ACTION ITEM: The copy should begin at the line containing "4、勾选需要删除的播放记录,点击删除按钮即可完成。" and end with the last line below, every line exact and no picture included.

DATASET CONTENT:
◇ ◇ ◇ ◇ ◇ ◇ ◇

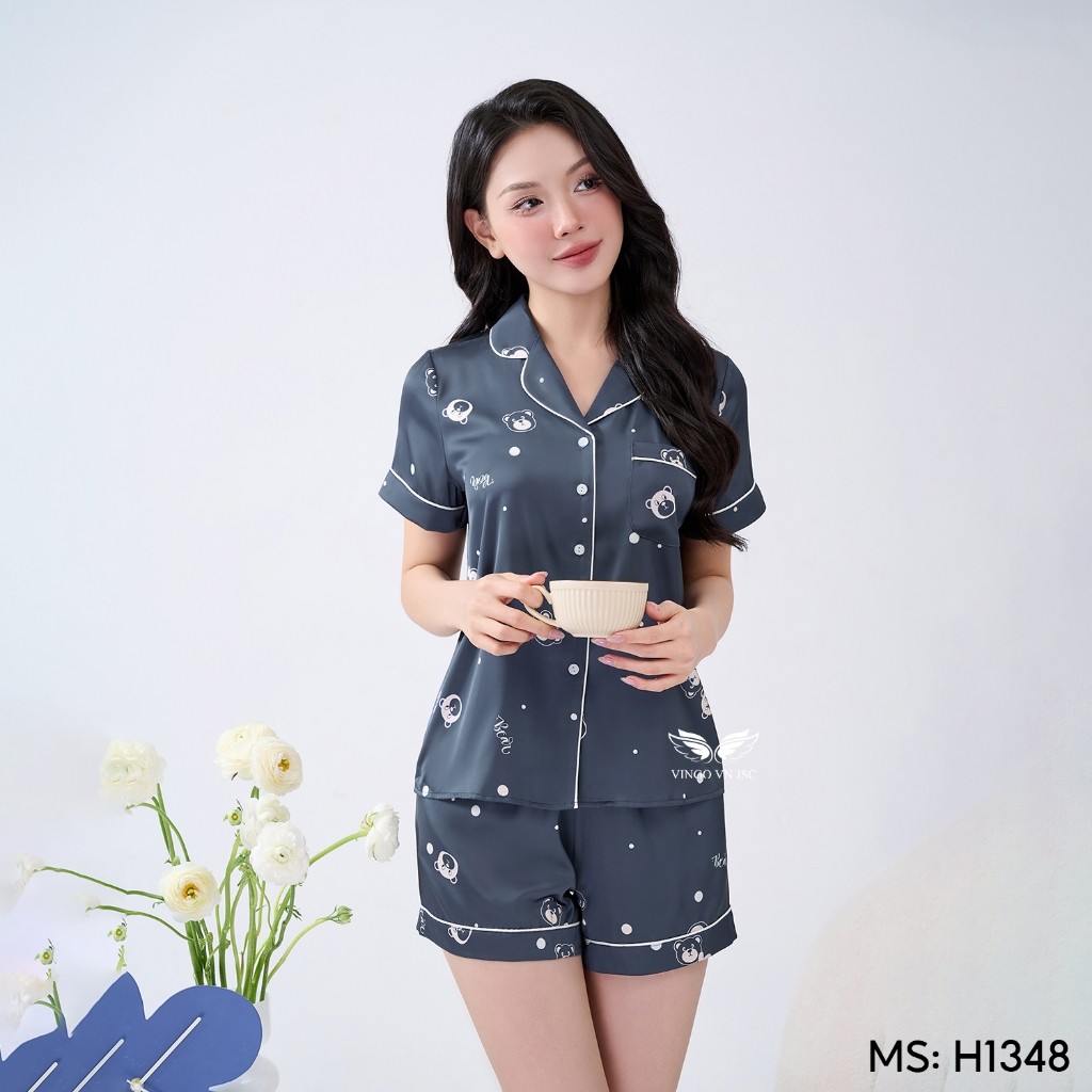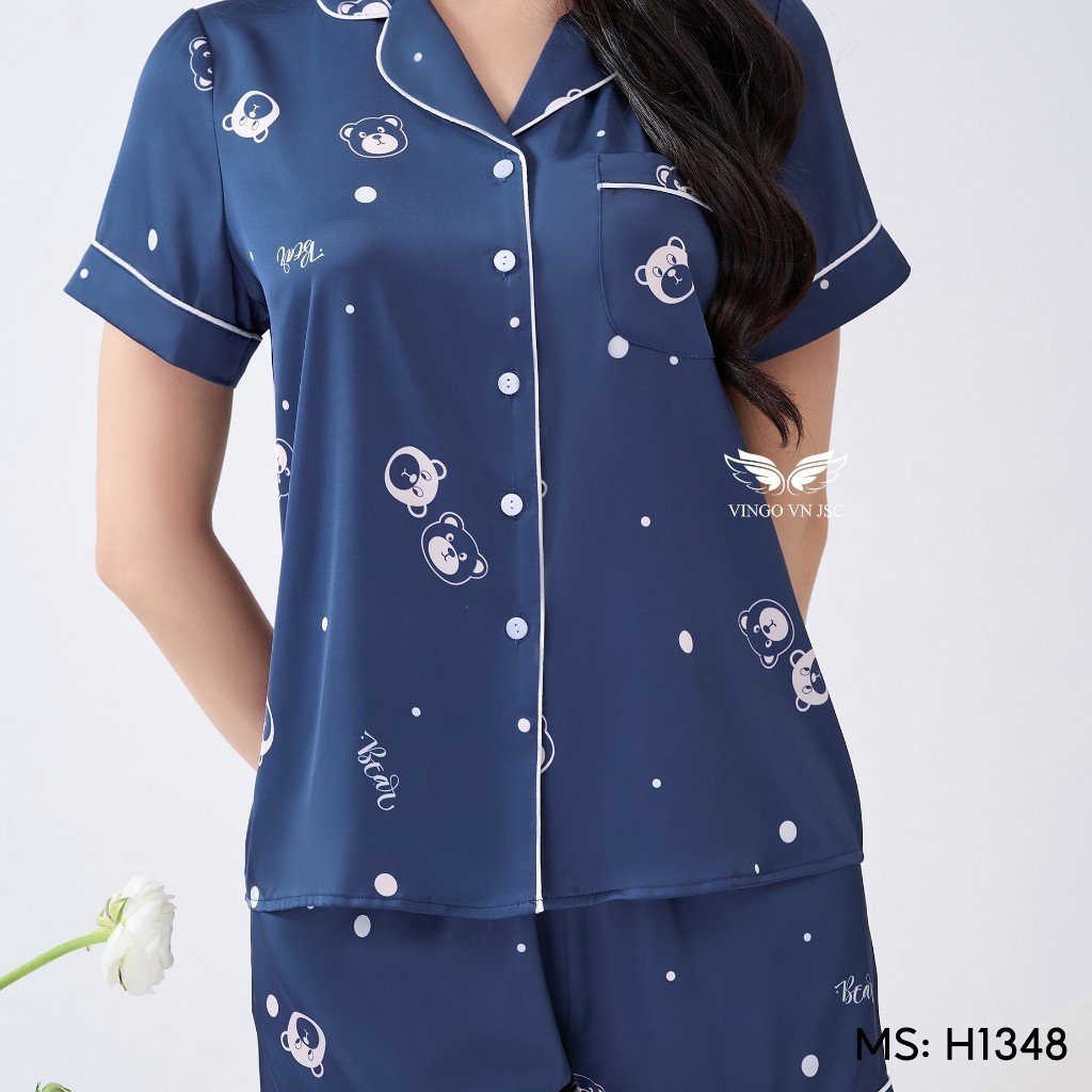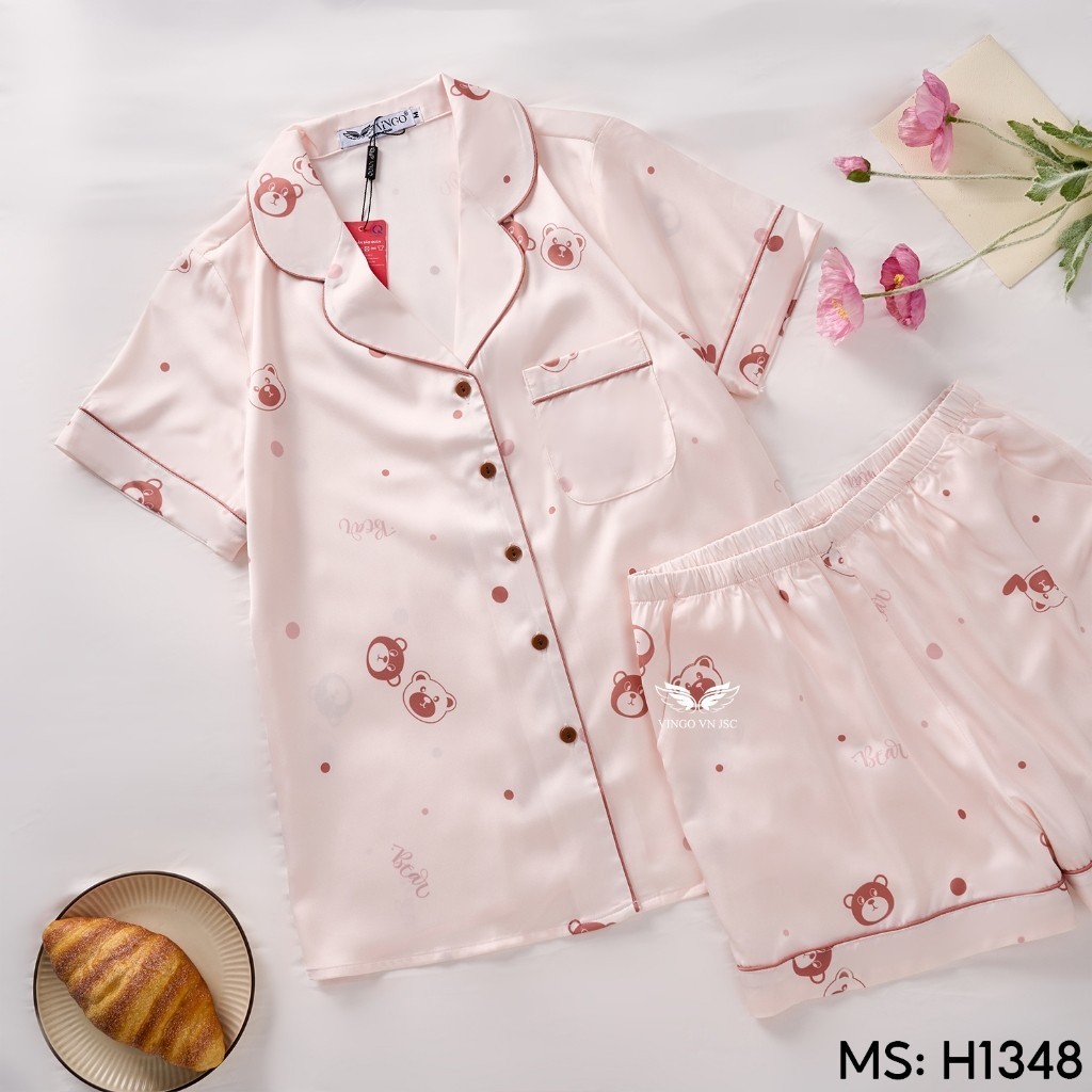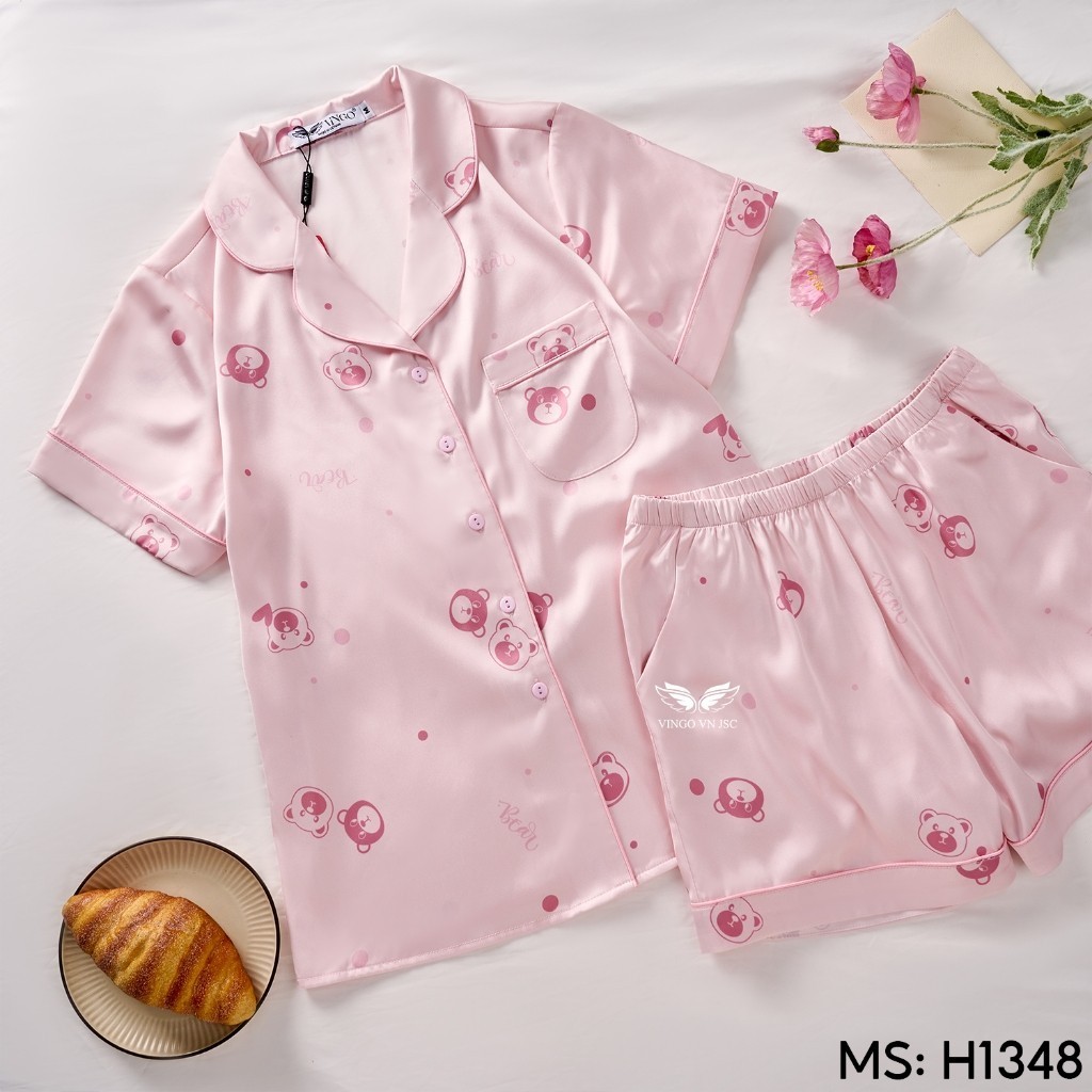 – Bộ Pijama lụa tay cộc quần cộc họa tiết gấu H1348 từ VINGO/VINGORIA có thiết kế dáng áo có chiết eo nhẹ vừa trẻ trung vừa sang trọng.
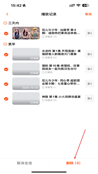 4、勾选需要删除的播放记录,点击删除按钮即可完成。
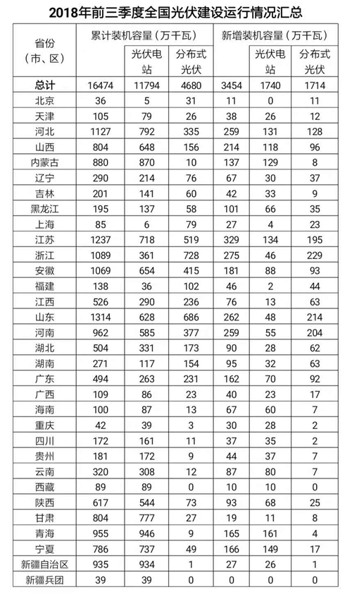 全國(guó)各?。▍^(qū)、市)2018年前三季度光伏建設(shè)運(yùn)行情況詳見附表:
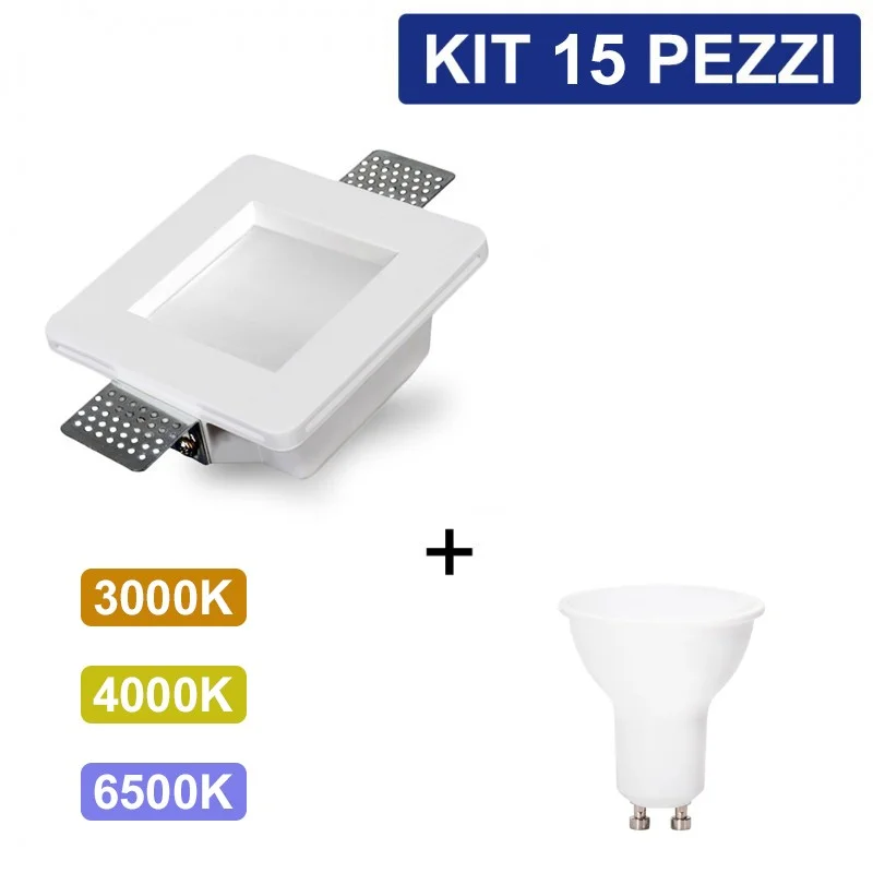 Spedito Oggi Kit 15 Portafaretto in Gesso Ceramico Quadrato Con Vetro + 15 Lampadine GU10
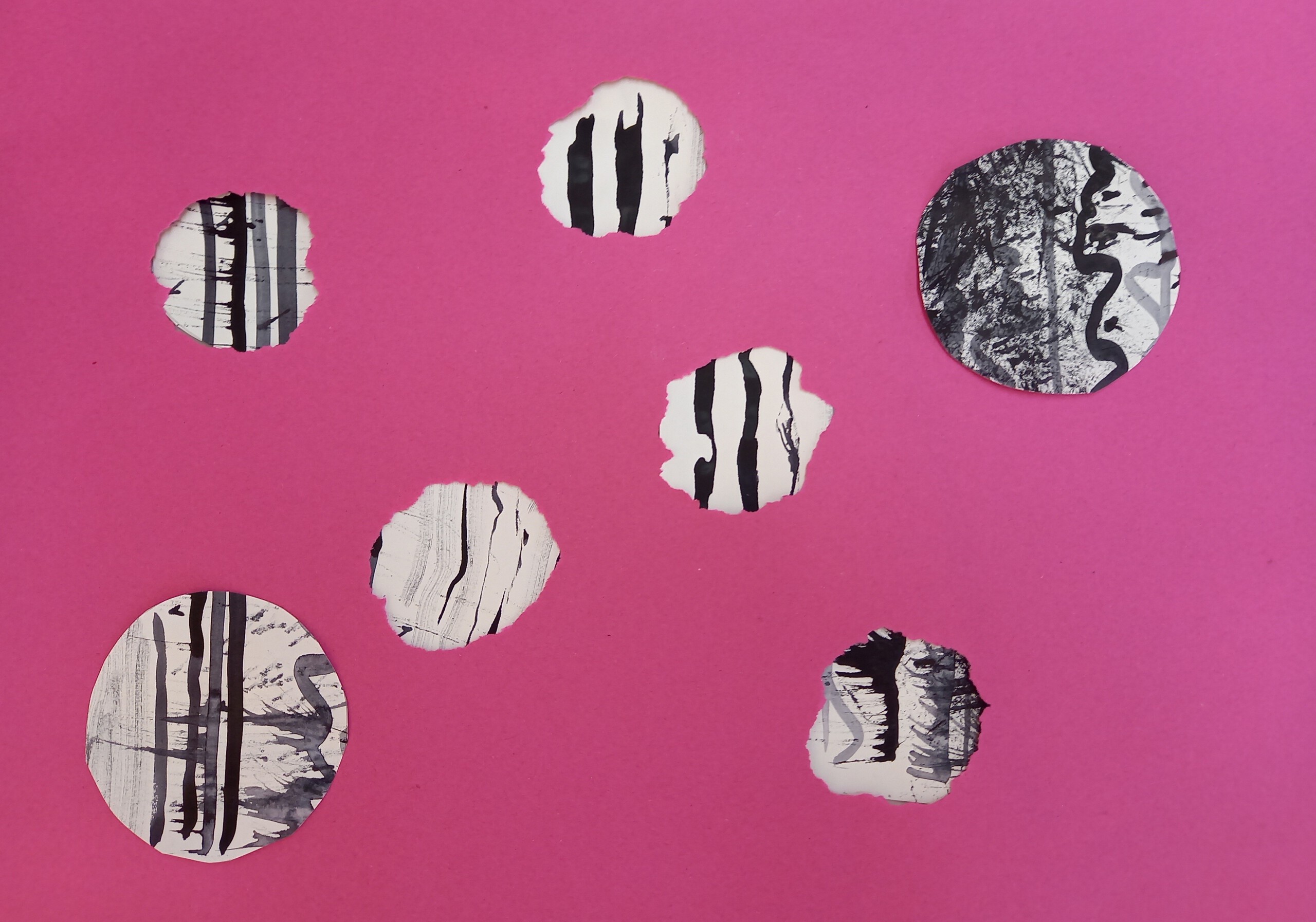 Abstract expressionistische schilderijen: geen herkenning van onderwerpen wel harmonisch in elkaar vloeiende vormen en doorwerkte kleuren. Als tegenhanger hiervan zijn de werken op papier zwart wit.
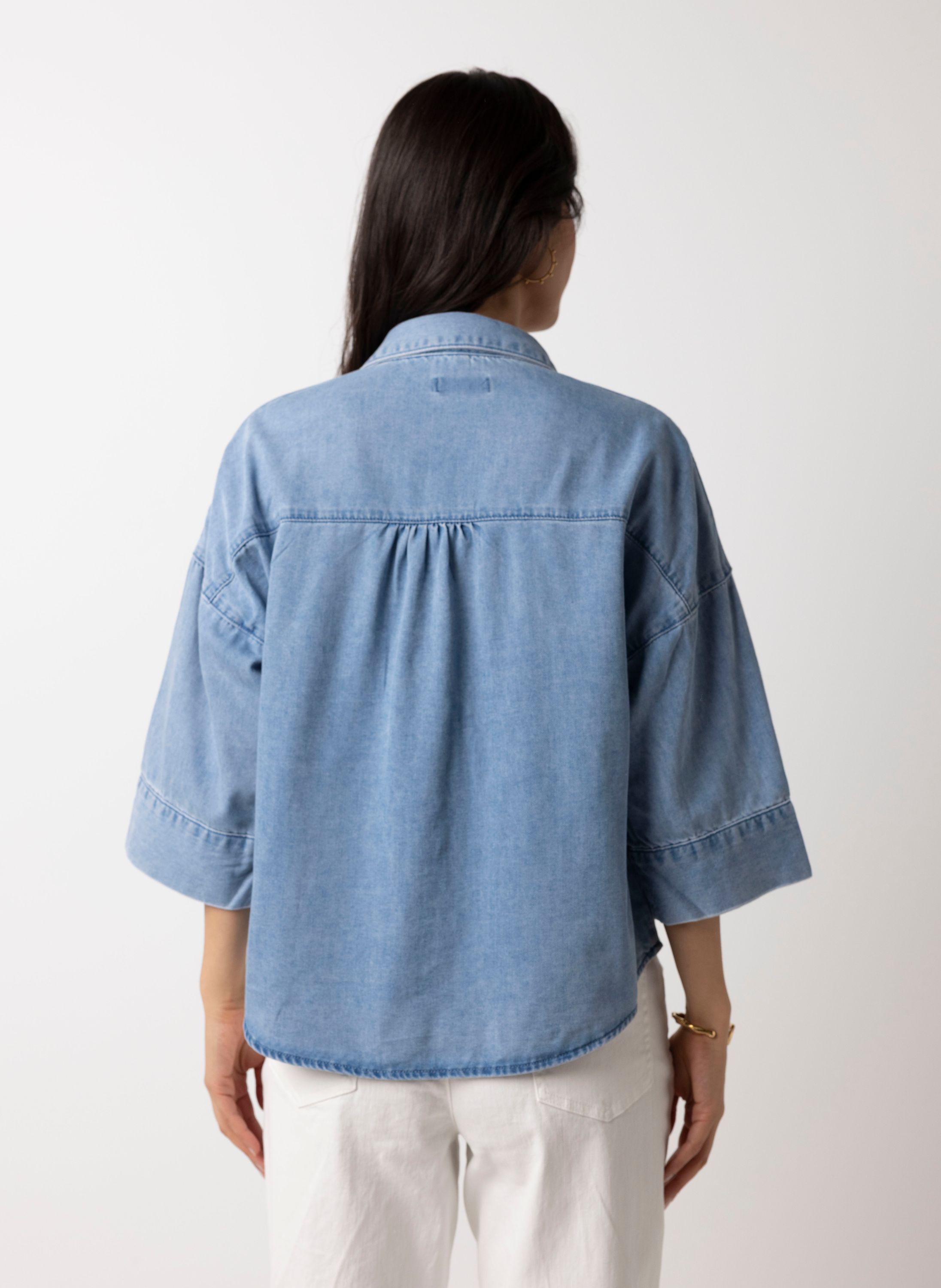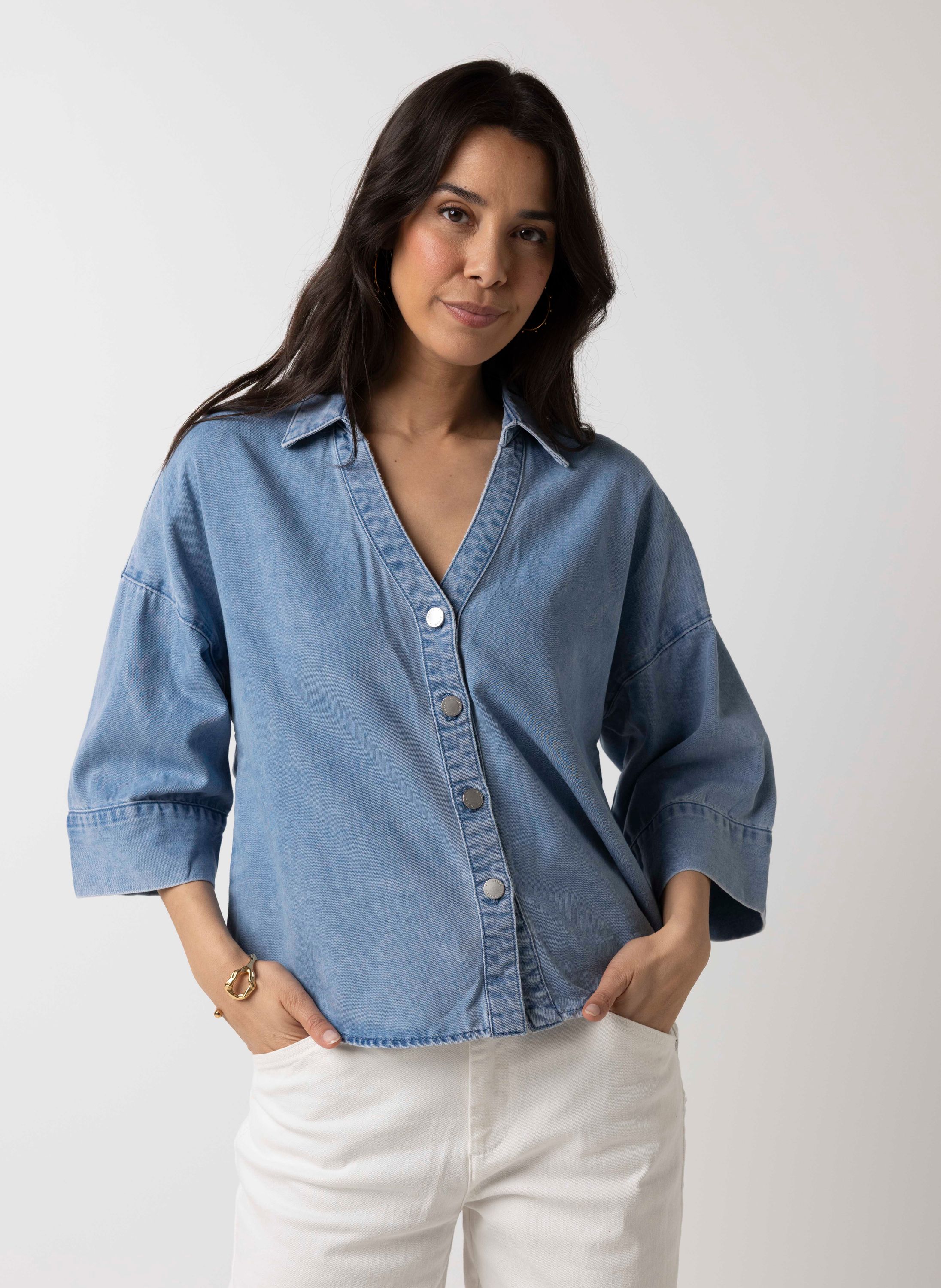 Deze denim blouse met V-hals, knoopsluiting, plooirand aan de achterzijde en driekwart mouwen heeft een stoere en vrouwelijke uitstraling.

◇ ◇ ◇ ◇ ◇ ◇ ◇

SOLUTION:
 4、勾选需要删除的播放记录,点击删除按钮即可完成。
 全國(guó)各?。▍^(qū)、市)2018年前三季度光伏建設(shè)運(yùn)行情況詳見附表:
 Spedito Oggi Kit 15 Portafaretto in Gesso Ceramico Quadrato Con Vetro + 15 Lampadine GU10
 Abstract expressionistische schilderijen: geen herkenning van onderwerpen wel harmonisch in elkaar vloeiende vormen en doorwerkte kleuren. Als tegenhanger hiervan zijn de werken op papier zwart wit.
 Deze denim blouse met V-hals, knoopsluiting, plooirand aan de achterzijde en driekwart mouwen heeft een stoere en vrouwelijke uitstraling.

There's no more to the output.